I despise the left wing liberal attempts to change America. I support FREEDOM, freedom of speech, right to bear arms, religious freedom and protecting the rights of Americans, including the unborn. Close the border, round up illegals and send them home. Welcome them back with a green card. I believe in preserving the visions of our founding fathers which did not include Socialism or Sharia Law.
This IS STILL America.....at least for now.
I have followed the story of Caylee from day one. I have two daughters and three grandchildren that I am raising. Her story caught my attention and my heart. I could not imagine any of my children being taken from me. It would be too much for me to bear.
Children take away your freedom to do as you please, no doubt. Still, their needs are my priority so the loss of freedom is moot. They are my freedom...they are my life. Sure, they drive me nuts. They bicker, fight, make messes, make too much noise, tear through the house and break stuff...and generally act like kids and drive me crazy. When I have these days, I remind myself that all these things they do....indicate they are happy, healthy children. I am so thankful to have been blessed with five happy, healthy children.
I read the news online and see the comments people post at the end of the stories. I am just amazed at how harsh people are toward George and Cindy Anthony. I cannot imagine how it would be to walk in their shoes. Honestly, I do not even want to imagine. It is just too much for me. It just angers me to no end when people say such awful things about George and Cindy. I would hope you never have to walk in their shoes and experience the loss and pain they have had to endure. They did not ask for it.
As a Mother of a 25 year old daughter....I can tell you with 100% certainty that no matter what she did, I would stand by her. That is what parents do. You do not have to approve of their actions to stand by them. Still, I can tell you that no matter what my daughter does....she is my daughter and I could never stop loving her.
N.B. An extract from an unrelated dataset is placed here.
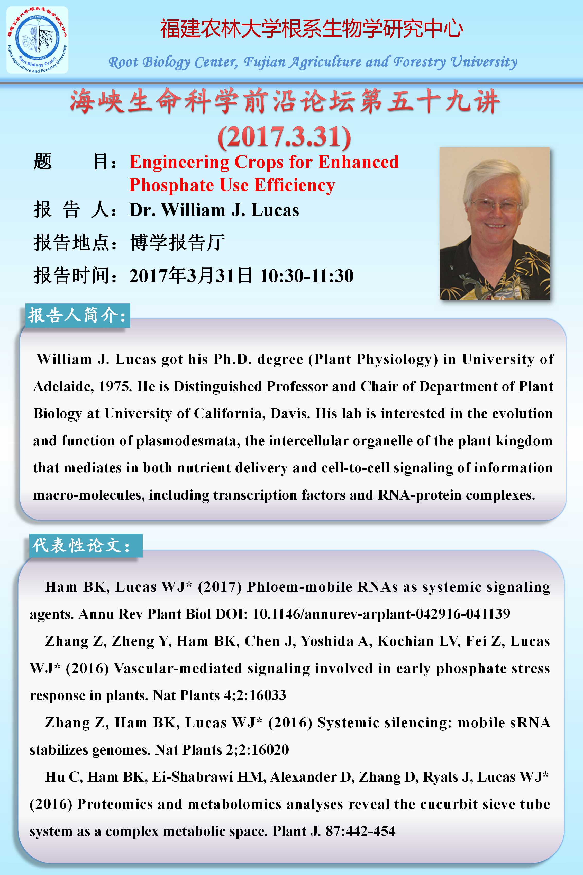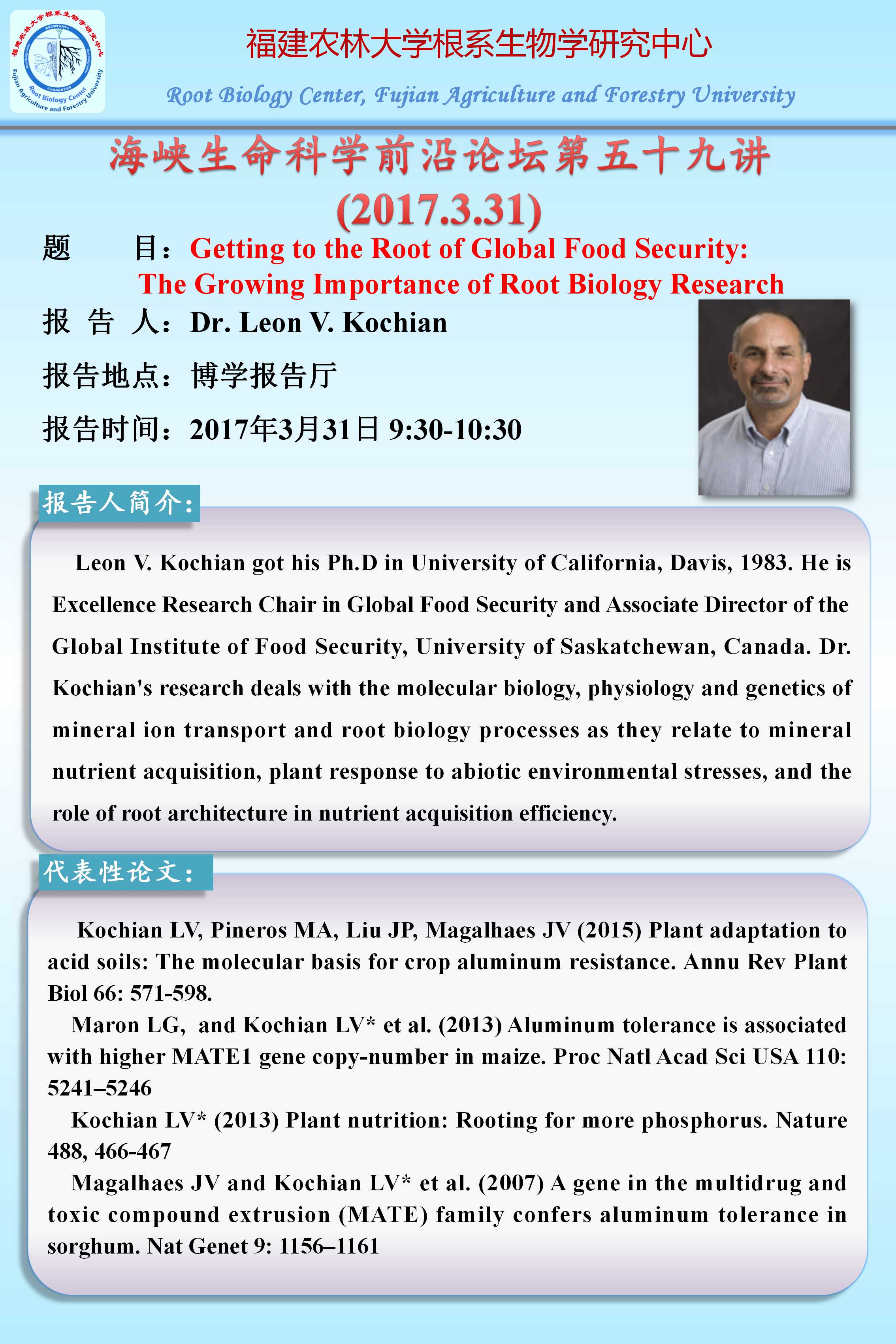 海峡生命科学前沿论坛第五十九讲(2017.3.31)-Getting to the Root of Global Food Security: The Growing Importance of Root Biology Research等

Now...as a Grandmother raising her grandchildren....I can tell you that these children are like my own. They are as much my children as my own children. There is no difference. My youngest daughter is 7, my grandson 6, and my two granddaughters are ages 5 and 3. There is nothing they could do that could make me not love them. I could not imagine anything happening to any of them.
What happened to Caylee is something I find very hard to think about. Caylee did not deserve that. Children do not deserve what happened to Caylee. It is unthinkable. How could someone do that to a baby?
Caylee was the light of George and Cindy's life. I do not have to know them to know that. Can you blame them for holding on to hope that she was still alive? Can you blame them for being in denial that their very own daughter stands accused of murdering her child, their grandchild? It is beyond anything I can imagine. They lost their grandchild, and could very well face losing their daughter.
Clearly, from all media reports, Casey Anthony suffers from mental illness. Let's for a second assume that she did murder Caylee. How could any "normal or sane person murder a two year old child? Some call her a sociopath. Is that not mental illness?
I get angry when I think that Casey could have murdered her own baby. How could anyone not get angry? Still, I pray for her every night. I pray for George and Cindy. This pain will last the rest of their lives. How do you get over something like this? My heart goes out to them.
To George and Cindy, I am so, so sorry for your loss and my heart goes out to you. Caylee was just a precious little angel. I am sorry for what you will have to endure with Casey in the future with her trial. Please know that you are in my thoughts and prayers daily. When I kiss my babies goodnight, I give them an extra kiss for Caylee. I hope you find comfort in knowing that Caylee touched the lives of millions of people....and George and Cindy....you will see her again. This is a promise from God. You WILL see her again.
While we know that Caylee is in the arms of God...there are still so many missing children. Please take a look at the video below and pray for these children and their families. Get some tissue before you watch it.
Parents take every precaution with your children. People make fun of me for being an overly protective mother. When my oldest daughter was about 10, a friend of mine joked that she would be 17 before I let her cross a street by herself. While she was not 17, she was always expected to not play outside alone. If she walked to a friends house she had to walk with someone and call me when she got there and before she came home. We taught her everything we could to protect her. We just do not live in the world I grew up in. It only takes a split second and your children can be gone forever. My younger kids do not play outside alone. I never leave them in the house alone...not even for a minute. There have been times when I went to the store for something quick...and considered leaving them alone in the car. It might be cold out...and getting four kids out of the car is a pain.....but I never do it. It is just simply not worth it. If I cannot see the children...they come with me.
If your child or children are more than you can handle. Tell someone. Nobody is going to blame you for getting help or giving them to someone who will give them a good, happy home and love them as if they were the only child on earth. A family who will give them every opportunity to grow into happy, loving and successful adults. There are so many people who desperately want children. It is your job to give them all these things, whether you do it yourself or allow someone else to do it. Maybe there is a family member that would be willing to take the children...or a friend. Someone at your local church. There are people who would do anything to have children and can't. Just do what is right for THEM. A mothers love comes in my forms.
I have my grandchildren.....and I would not have it any other way.